Primary aortic smooth muscle cells were prepared from 3- to 6-week-old C57/BL6 mice of either sex and cultured on coverslips. Five days after preparation, cells were infected with replication-deficient adenoviruses encoding a cGMP indicator with an EC50 (cGMP) of 6000 nmol/L (cGi-6000)12 and maintained for 2 additional days. Then, the coverslips were mounted on an inverted microscope and continuously superfused with PBS. cGMP levels were assessed by simultaneous epifluorescence measurements at 2 emission wavelengths before and after adding different drugs to the superfusion solution. In this experimental setting, an ≈50% change of emission ratio (CER) represents the maximal signal and is caused by saturation of the indicator at >30 µmol/L cGMP.
NO-Induced cGMP Signals
First, we obtained concentration response curves for the slowly releasing NO donor GS-NO by analyzing peak cGMP FRET signals (4 minutes after the addition of GS-NO). GS-NO concentrations as low as 1 nmol/L yielded detectable cGMP elevations, the EC50 for GS-NO stimulation was ≈20 nmol/L, and the maximal response was reached between 100 and 1000 nmol/L GS-NO (Figure 1A). To prove the physiological relevance of these cGMP signals, relaxation of aortic rings was analyzed in organ bath experiments. The EC50 (GS-NO) obtained in these experiments (≈50 nmol/L, Figure 1B) was comparable with the EC50 of GS-NO–induced cGMP elevations (≈20 nmol/L) clearly demonstrating that the FRET-based cGMP measurements are sensitive enough to track physiologically relevant cGMP elevations.
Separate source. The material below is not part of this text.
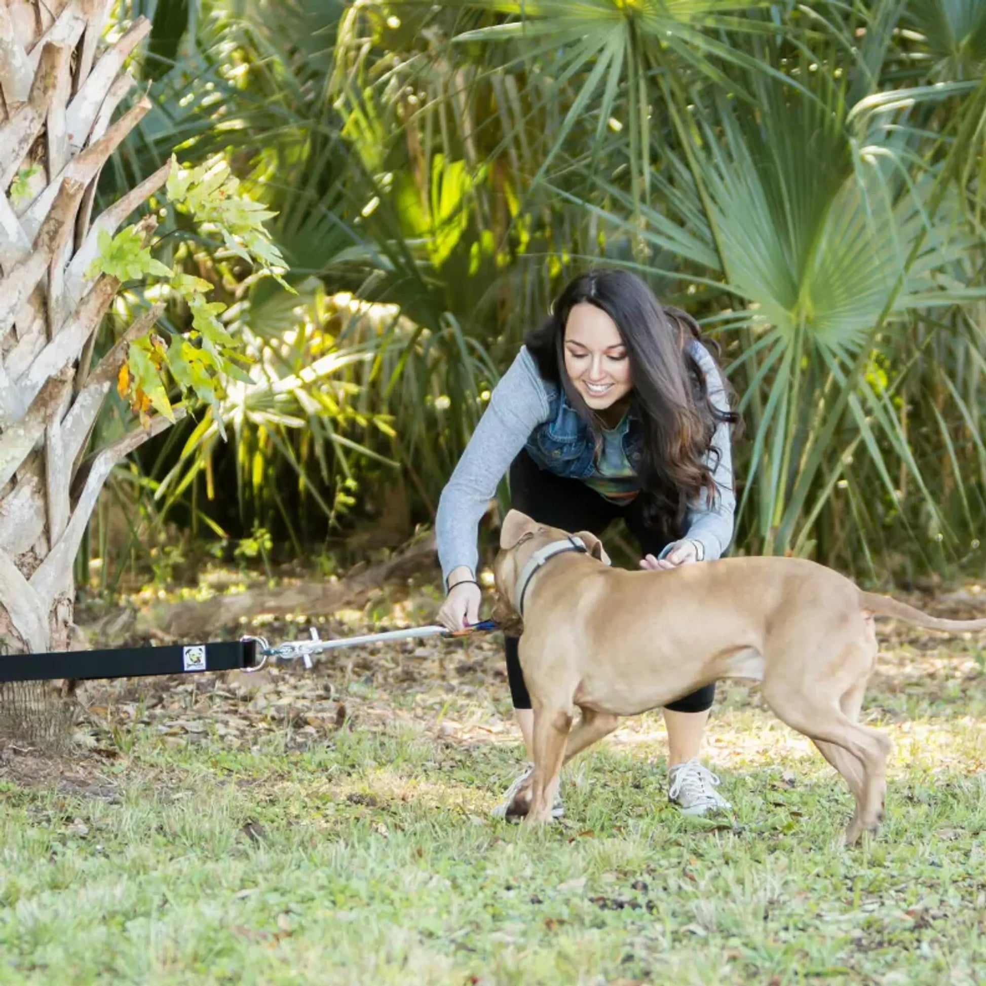 It uses a horizontal configuration instead of the vertical one used in traditional spring pole designs. It also uses super strong, marine grade bungee cord instead of a metal spring. The connection points are designed so that in case of failure, nothing comes flying back towards your dog.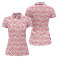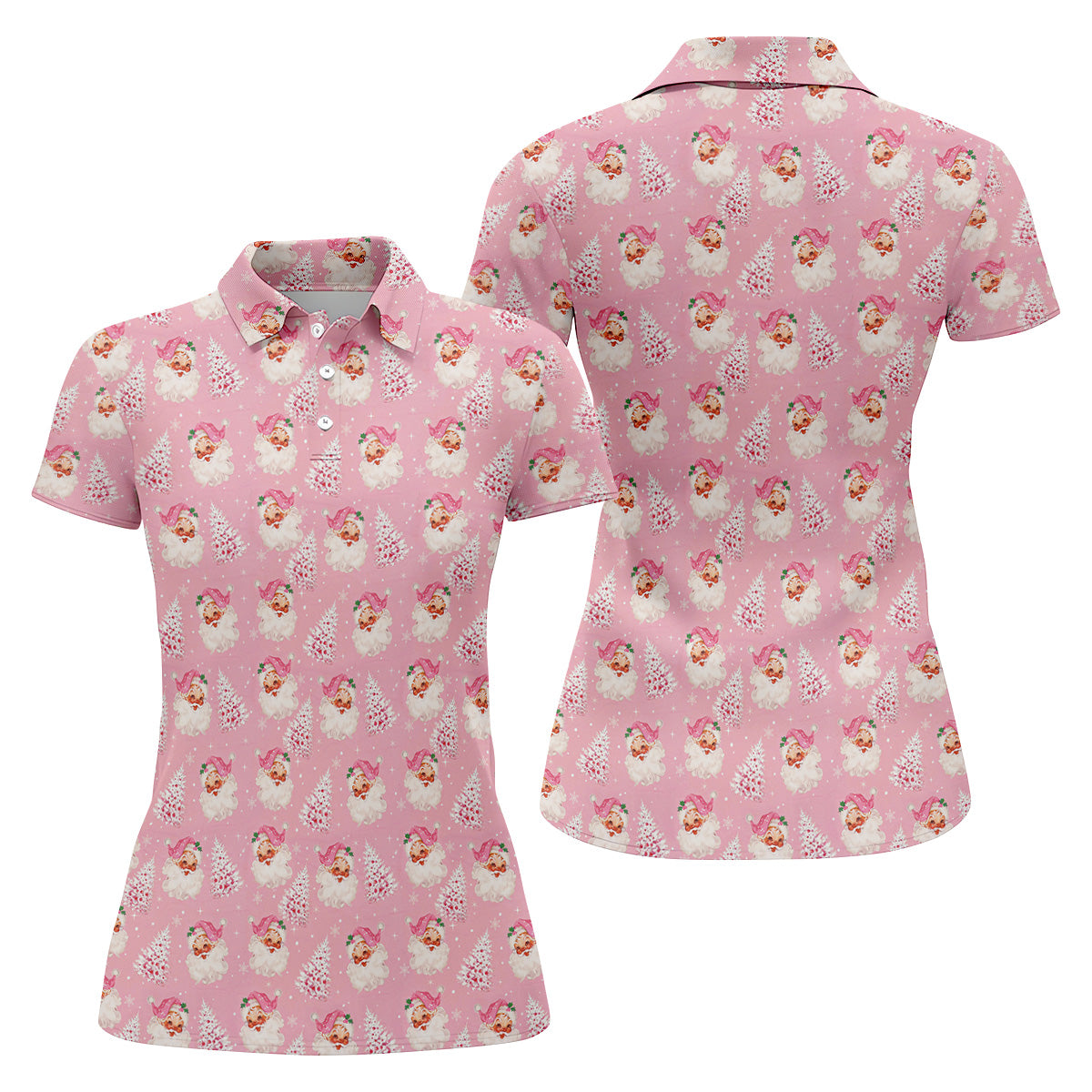 Pink Xmas Tree Santa Claus Pattern Christmas Golf Shirt, Women's Golf Tops, Golf Gift For Ladies

cGMP signals depend on the ratio between cGMP synthesis through guanylyl cyclases and cGMP degradation through phosphodiesterases. Aortic smooth muscle cells express 3 families of cGMP-degrading phosphodiesterases, PDE1, PDE3, and PDE5 (Figure I in the online-only Data Supplement). These phosphodiesterases exhibit substantially different cGMP affinities with PDE3 displaying an at least 10-fold higher affinity (kM ≈0.1 µmol/L cGMP) compared with PDE1 and PDE5 (≈1–6 µmol/L).13 Because no potent PDE1 inhibitor is commercially available, we used vinpocetine at a concentration of 100 µmol/L for PDE1 inhibition. Because the GS-NO–induced cGMP signals remained unaffected, we conclude that PDE1 has a low impact on cGMP signals under the conditions applied (data not shown). To analyze the contribution of PDE3 and PDE5 to cGMP signals, we inhibited these phosphodiesterases by specific inhibitors (10 µmol/L cilostamide or 1 µmol/L sildenafil for inhibition of PDE3 or PDE5, respectively) and obtained GS-NO concentration response curves. To our surprise, inhibition of PDE3 did not affect the GS-NO concentration response curve at all (Figure 2A, blue). In contrast, inhibition of PDE5 increased the cGMP levels elicited by 10 and 100 nmol/L GS-NO and thereby shifted the GS-NO concentration response curve by a factor of 2 with EC50 values of 20 and 10 nmol/L, respectively (Figure 2A, red).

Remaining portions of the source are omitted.